▸ **Task item**
Under this line are the records; write out word for word the part that begins at the line containing "We are so excited" and ends at the line containing "Cumhurbaşkanı Recep Tayyip", and no more.
======== Data extract ========
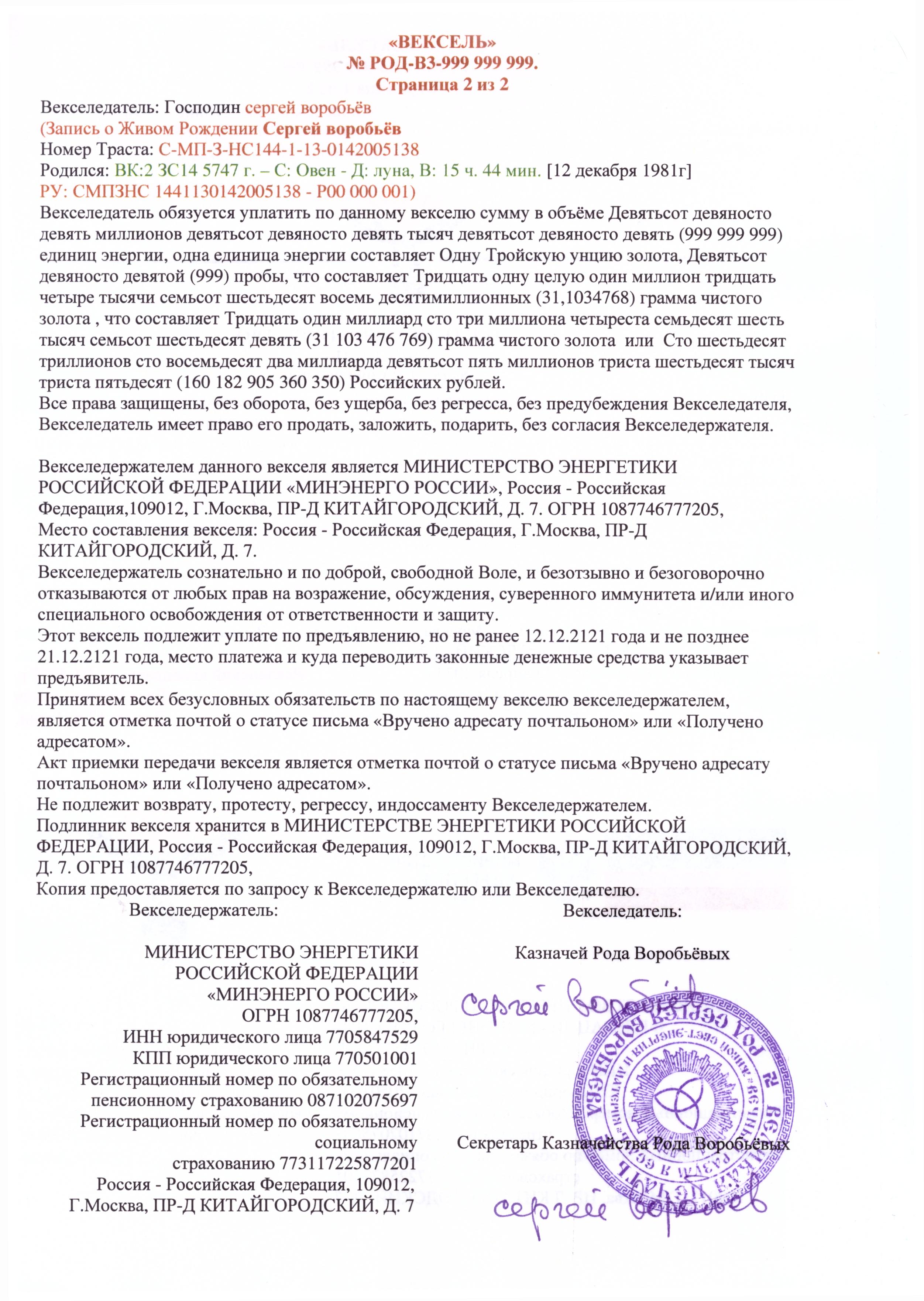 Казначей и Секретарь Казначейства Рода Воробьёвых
========
======== Data extract ========
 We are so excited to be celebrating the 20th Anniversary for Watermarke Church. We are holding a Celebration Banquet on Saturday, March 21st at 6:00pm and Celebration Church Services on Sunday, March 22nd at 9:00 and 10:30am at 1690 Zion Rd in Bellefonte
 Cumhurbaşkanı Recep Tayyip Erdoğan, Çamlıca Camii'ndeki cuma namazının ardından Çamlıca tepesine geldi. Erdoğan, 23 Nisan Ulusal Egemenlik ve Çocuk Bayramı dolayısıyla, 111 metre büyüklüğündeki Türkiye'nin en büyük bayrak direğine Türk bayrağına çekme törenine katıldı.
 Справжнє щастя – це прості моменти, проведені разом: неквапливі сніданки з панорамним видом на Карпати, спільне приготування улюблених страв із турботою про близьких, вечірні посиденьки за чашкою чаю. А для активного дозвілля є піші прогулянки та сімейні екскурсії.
========
▸ **Result of the exercise**
 We are so excited to be celebrating the 20th Anniversary for Watermarke Church. We are holding a Celebration Banquet on Saturday, March 21st at 6:00pm and Celebration Church Services on Sunday, March 22nd at 9:00 and 10:30am at 1690 Zion Rd in Bellefonte
 Cumhurbaşkanı Recep Tayyip Erdoğan, Çamlıca Camii'ndeki cuma namazının ardından Çamlıca tepesine geldi. Erdoğan, 23 Nisan Ulusal Egemenlik ve Çocuk Bayramı dolayısıyla, 111 metre büyüklüğündeki Türkiye'nin en büyük bayrak direğine Türk bayrağına çekme törenine katıldı.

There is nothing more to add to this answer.